Battenfield borrows spinnerbait from wife’s rod to lead Bend bass list
Derek Battenfield doesn’t throw a spinnerbait anymore. He’s gone completely to a Z-Man Jack Hammer when he’s looking for flash and vibration.
“I rarely ever throw a spinnerbait anymore – for whatever reason,” he admitted.
Except for Sunday, March 10. Fishing by himself, he pulled up on a mid-lake point at Toledo Bend with a shallow grass line and decided maybe a spinnerbait might be the right bait to roll down the edge.
But he didn’t have one tied on, so he opened his rod box and found a rod belonging to his wife, Diane, with a chatreuse/white Booyah tied on. A handful of casts later, he was lifting a 12.92-pound bass into his boat.
Battenfield was the seventh angler that weekend to boat a bass that weighed in double digits and qualified for the Toledo Bend Lunker Bass Program. Two of the seven, including Battenfield’s fish, had previously been certified, tagged and released as part of the TBLP.
Lunker list
On Saturday, March 9, Johnie Fountain of Hemphill, Texas, landed a 10.21-pound fish; Kim LaBry of Kaplan, La., caught a 10.17-pound fish, Colby Basco of Cheneyville, La., caught an 11.84-pound lunker (that had been caught and tagged on Feb. 11 at 11.81 pounds); Lee Glass of DeRidder, La., boated a 10.90-pound fish; Elvis Paul of Lafayette, La., landed an 11.29-pound fish, and Ronnie Madole of Shreveport caught a lunker that weighed 10 pounds even. Battenfield’s fish was the 37th of the 2023-24 season to qualify for the lunker program. The 38th was Trent Pharis of Dequincy, who hooked a 10.37-pound bass on March 13.
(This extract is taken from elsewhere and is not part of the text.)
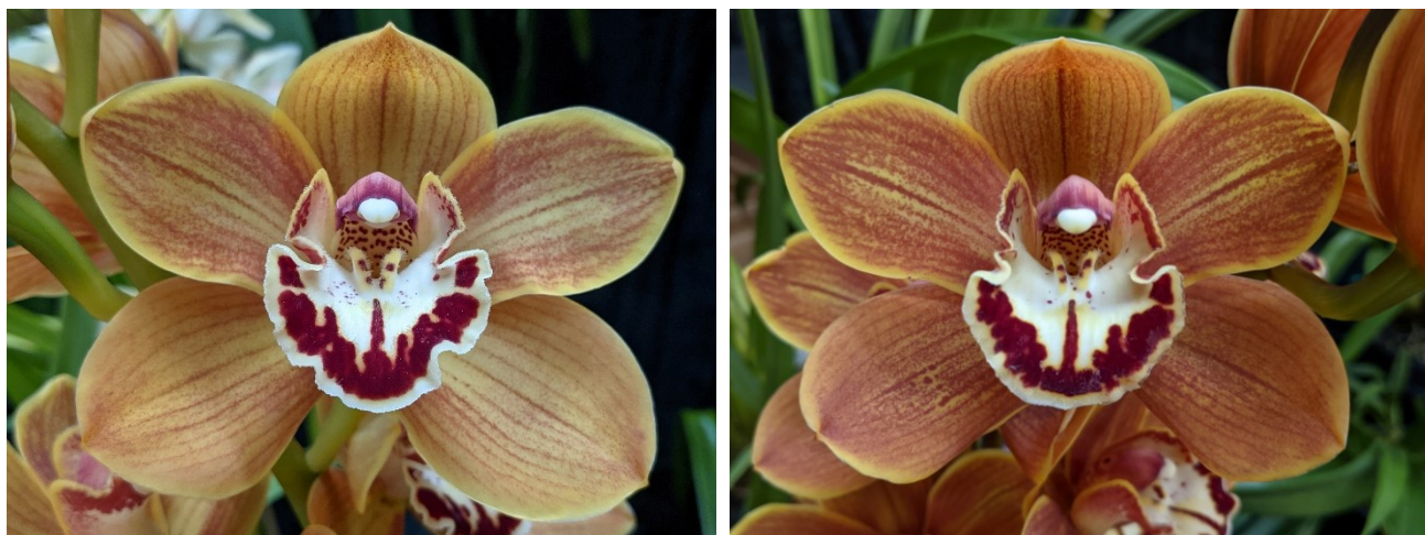
Two different divisions of Cym. Sundानी's Treasure 'Orange Crush' . One of these was 2 nd Place in Class 23.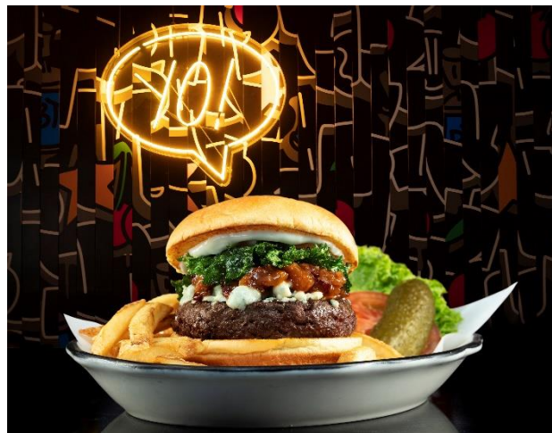
Black Tap introduces the PBJ Burger as a limited-time special for the month of March

Starting 1 March, Black Tap Craft Burgers and Beer will be presenting its special of the month – the PBJ Burger (pear bacon jam burger; S$27++). A treat with contrasting flavours and textures, the PBJ Burger features a juicy USDA prime beef patty topped with blue cheese crumbles, sweet-savoury pear-bacon jam, crispy fried kale and fragrant roasted garlic aioli, sandwiched between two pillowy potato buns. Enjoy the burger with a generous side of Idaho fries and one of Black Tap's nine gravity-defying CrazyShakes ® milkshakes.

Battenfield, from Nederland, Texas, said his lunker bass came from 1½ to 2 feet of water, on a day he admitted was “pretty tough.” He pulled up to his spot shortly after 3 p.m., found his wife’s spinnerbait rod – a Lew’s rod and reel spooled with 30-pound Sufix braid, with a white V&M J Bug trailer – and made between 5 and 10 casts. On the 10th cast, he almost had the bait back to the boat when the huge bass crashed it.
“I was actually on the phone with my cousin, Barry Brice, when the fish hit – I had him on speaker phone on the front seat,” Battenfield said. “He heard me hollering and screaming and everything. He heard me yell, ‘I’ve got a 10.’
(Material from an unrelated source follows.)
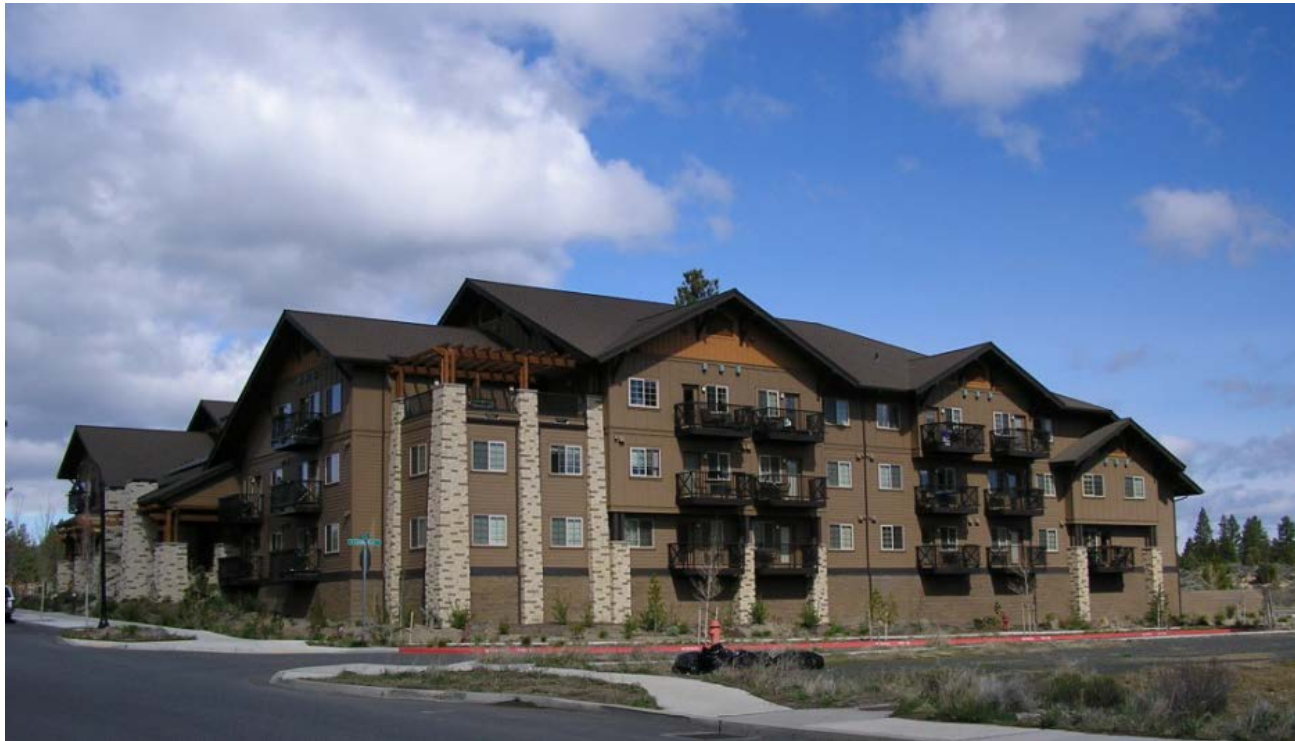
Discovery Park Lodge – 53 senior housing units at 60% AMI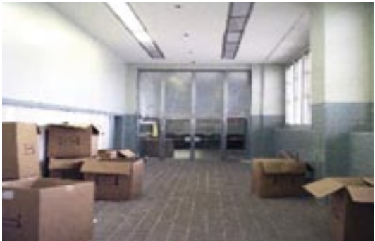
Federal Building and U.S. Courthouse, Martinsburg, WV, before (above) and after (right).

The best civic places are the ones that people return to time and time again. The only way to achieve this is through management that adapts to the pulse of the place in question. For example, a good manager understands who constitutes the existing and potential users of a particular facility. In terms of maintenance, public space management means becoming so familiar with the patterns of how people use the facility that waste receptacles get emptied at just the right time, horticultural displays change with the seasons, and refreshment kiosks are open when people most want them. By programming and maintaining their facilities' public spaces, good managers create a feeling of comfort and safety—giving people a sense of assurance that someone is in charge. Continual evaluation of how well a building plaza or lobby is serving these users makes it all possible, enabling GSA staff to successfully tailor amenities to meet users' needs and gear events, exhibits, or other programs to the right audience.

“The fish literally hit 3 feet from the boat; I saw her swirl and hit it, and I knew it was huge. She really never got more than 3 or 4 feet from the boat. She went under the boat, and she’d come out and jump, and I didn’t have a net, so I was down trying to grab her. I got her on the second try.”
Tagged fish
Battenfield had a Bubba scale in the boat, and the bass went on it, registering 12.15 pounds.
“My cousin said, ‘I’ll meet you,’ and he ran and met me at Buckeye (Landing),” Battenfield said.
At Buckeye, the bass weighed 12.92 pounds on certified scales – the biggest fish of Battenfield’s life – and measured 28 inches long and 20 ½ inches in girth. And a previous tag was discovered.
“I didn’t see it,” Battenfield said. “As soon as I caught her, I weighed her, put her in the livewell and took off. When we got there, one of the weigh-in guys said he had (a tag).”
Battenfield’s bass had been caught on April 11, 2023, weighing 13.60, before being tagged and released.
The difference in weight? Battenfield can’t say for sure that the big girl had already spawned, but he described a bloody tail and a belly that he said, “wasn’t huge.”
A bonus
Battenfield was entered in the Big Bass Splash, so his fish carried a $1,500 bonus. Whether he’ll get to keep it all, who knows? His wife, he said, “told me half the Bass Splash money was hers” – maybe a rental fee for the rod and spinnerbait.